Situasi terkini pasar biopestisida di Brasil
Pada tahun 2023, luas lahan tanam tanaman pangan Brasil mencapai 81,82 juta hektar, di mana tanaman terbesar adalah kedelai, yang mencakup 52% dari total luas lahan tanam, diikuti oleh jagung musim dingin, tebu, dan jagung musim panas. Di lahan pertaniannya yang luas, BrasilpestisidaPasar mencapai sekitar $20 miliar (konsumsi petani akhir) pada tahun 2023, dengan pestisida kedelai menyumbang pangsa terbesar dari nilai pasar (58%) dan merupakan pasar yang tumbuh paling cepat dalam tiga tahun terakhir.
Pangsa biopestisida dalam keseluruhan pasar pestisida di Brasil masih sangat rendah, tetapi pertumbuhannya sangat pesat, meningkat dari 1% pada tahun 2018 menjadi 4% pada tahun 2023 hanya dalam lima tahun, dengan tingkat pertumbuhan tahunan gabungan sebesar 38%, jauh melebihi tingkat pertumbuhan pestisida kimia sebesar 12%.
Pada tahun 2023, pasar biopestisida negara tersebut mencapai nilai pasar sebesar $800 juta di tingkat petani. Di antara produk-produk tersebut, berdasarkan kategori, nematisida biologis merupakan kategori produk terbesar (terutama digunakan pada kedelai dan tebu); kategori terbesar kedua adalahinsektisida biologisKemudian diikuti oleh agen mikroba dan biosida; CAGR tertinggi dalam nilai pasar selama periode 2018-2023 adalah untuk nematisida biologis, hingga 52%. Dalam hal tanaman yang diaplikasikan, pangsa biopestisida kedelai dalam keseluruhan nilai pasar adalah yang tertinggi, mencapai 55% pada tahun 2023; Pada saat yang sama, kedelai juga merupakan tanaman dengan tingkat aplikasi biopestisida tertinggi, dengan 88% dari luas lahan tanamnya menggunakan produk tersebut pada tahun 2023. Jagung musim dingin dan tebu adalah tanaman terbesar kedua dan ketiga dalam nilai pasar masing-masing. Nilai pasar tanaman ini telah meningkat dalam tiga tahun terakhir.

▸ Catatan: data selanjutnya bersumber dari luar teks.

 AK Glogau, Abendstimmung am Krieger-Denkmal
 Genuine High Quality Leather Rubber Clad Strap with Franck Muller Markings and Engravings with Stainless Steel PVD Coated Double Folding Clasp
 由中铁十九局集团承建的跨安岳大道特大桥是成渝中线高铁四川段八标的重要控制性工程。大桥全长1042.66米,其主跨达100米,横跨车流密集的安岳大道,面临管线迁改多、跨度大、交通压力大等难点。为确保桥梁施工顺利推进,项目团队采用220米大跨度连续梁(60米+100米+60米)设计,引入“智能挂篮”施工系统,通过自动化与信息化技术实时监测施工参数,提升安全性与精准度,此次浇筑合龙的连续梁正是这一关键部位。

Terdapat perbedaan dalam kategori utama biopestisida untuk tanaman penting ini. Nilai pasar terbesar biopestisida kedelai adalah nematisida biologis, yang mencapai 43% pada tahun 2023. Kategori terpenting yang digunakan pada jagung musim dingin dan jagung musim panas adalah pestisida biologis, yang masing-masing mencapai 66% dan 75% dari nilai pasar pestisida biologis pada kedua jenis tanaman tersebut (terutama untuk pengendalian hama penyengat). Kategori produk terbesar pada tebu adalah nematisida biologis, yang mencakup lebih dari setengah pangsa pasar pestisida biologis tebu.

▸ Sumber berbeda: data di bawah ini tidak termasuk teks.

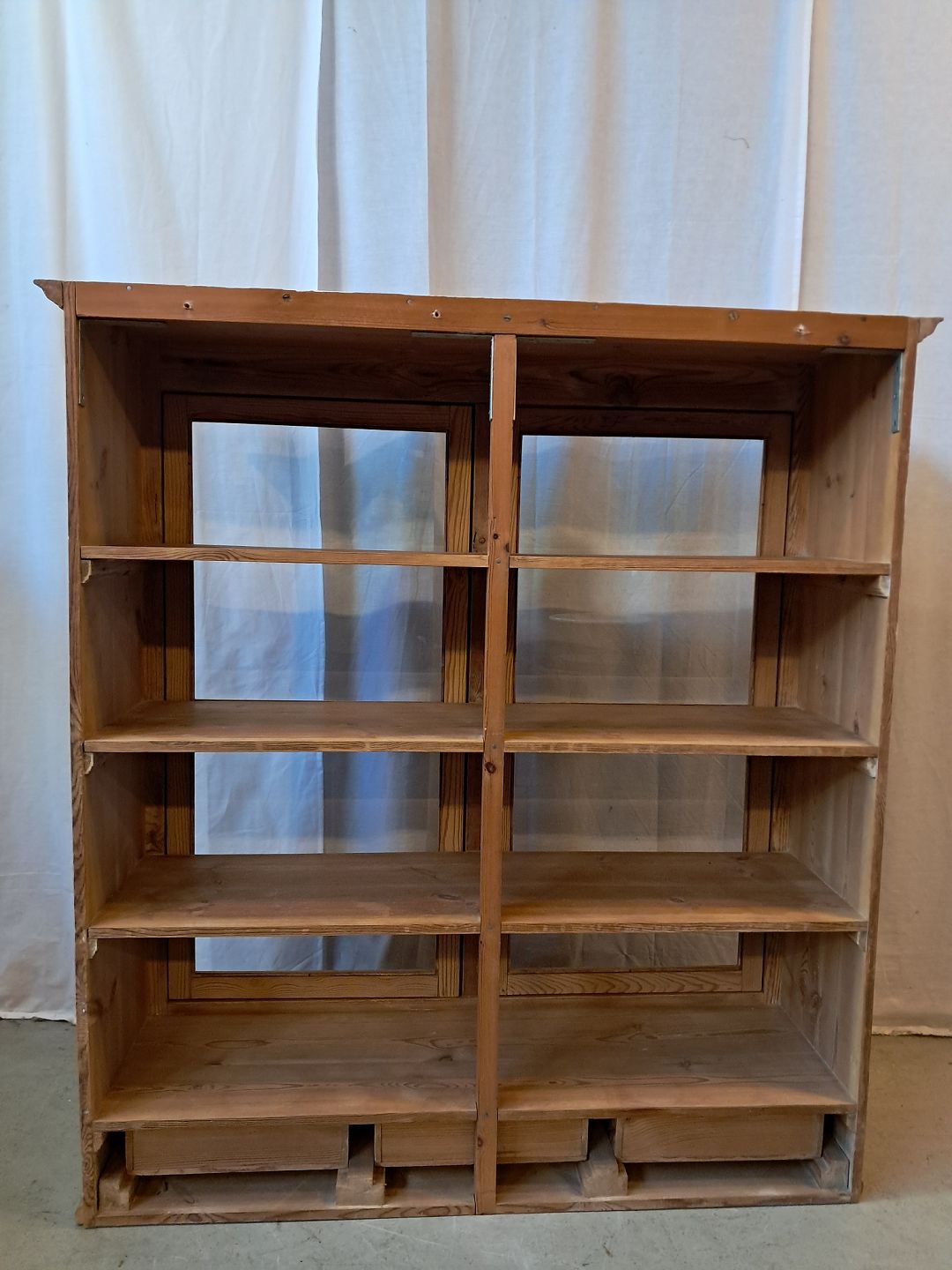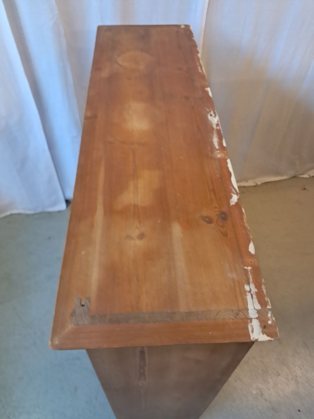Gammelt køkkenskab i massivt fyrretræ, fra 1910erne. Det har brugsspor. Højde 126cm Bredde 117cm Dybde 35cm Emne nummer: 77719
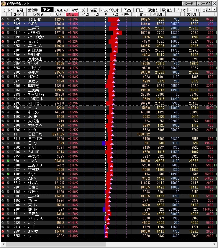 朝方は循環物色の可能性を見ていたが、前々日からの勢いがまだ続く一日だった。
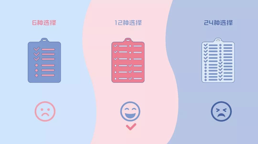 大约20年前在加利福尼亚进行的一项研究证明了这种效应。在这项研究中,研究人员在一家杂货店为顾客提供果酱样品。有时提供24种果酱样品,另一些时候则只有6种。
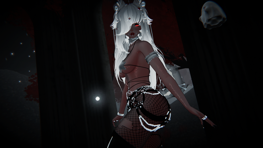 hair textures: nikkie ( https://nikkiepng.com ), wetcat ( https://wetcat.gumroad.com/ )head: cicieaaa ( https://cicieaaavr.gumroad.com/l/cicis3 )body: zinpia ( https://zinpia.sellfy.store/ )base body & head tex: yingyangvr ( https://yingyangvr.gumroad.com )boots, undies: nauuki (icons: Maddiiee#7341 ( https://maddiiee.gumroad.com/ )arms / choker / hipchain: koragira ( https://koragira.gumroad.com/)tongue: eggly69 ( https://payhip.com/Eggly69 )hair pins: moonlight peach#3252 ( https://moonlightpeachh.gumroad.com/)long hair: nessyy. ( https://nessy.store/ )eye tex: ryuohh ( https://ko-fi.com/ryuohh/shop )leg harness: renipuff ( https://payhip.com/renipuff )fishnet texture: Yukina#2842 ( https://yukina.gumroad.com/ )tattoos: riggatony ( https://riggatonyvr.gumroad.com/ )particles: Kisu☆#1000 ( https://kisustar.gumroad.com/)ears / tail: wen.3d ( https://payhip.com/wen )everything else made by me, illumevr.

Dari segi luas penggunaan, grafik berikut menunjukkan sembilan bahan aktif yang paling banyak digunakan, proporsi luas lahan yang diobati pada berbagai tanaman, dan luas lahan kumulatif yang digunakan dalam satu tahun. Di antara mereka, Trichoderma adalah komponen aktif terbesar, yang digunakan pada 8,87 juta hektar lahan tanaman per tahun, terutama untuk budidaya kedelai. Ini diikuti oleh Beauveria bassiana (6,845 juta hektar), yang terutama diaplikasikan pada jagung musim dingin. Delapan dari sembilan bahan aktif utama ini bersifat bioresisten, dan parasitoid adalah satu-satunya serangga musuh alami (semuanya digunakan dalam budidaya tebu). Ada beberapa alasan mengapa bahan aktif ini laris:
Trichoderma, Beauveria bassiana dan Bacillus amylus: lebih dari 50 perusahaan produksi, menyediakan cakupan pasar dan pasokan yang baik;
Rhodospore: peningkatan yang signifikan, terutama disebabkan oleh peningkatan kemunculan wereng jagung, area perlakuan produk seluas 11 juta hektar pada tahun 2021, dan 30 juta hektar pada tahun 2024 pada jagung musim dingin;
Tawon parasit: memiliki posisi stabil jangka panjang pada tebu, terutama digunakan dalam pengendalian hama penggerek tebu;
Metarhizium anisopliae: Pertumbuhan pesat, terutama karena peningkatan kejadian nematoda dan pembatalan registrasi karbofuran (bahan kimia utama untuk mengendalikan nematoda).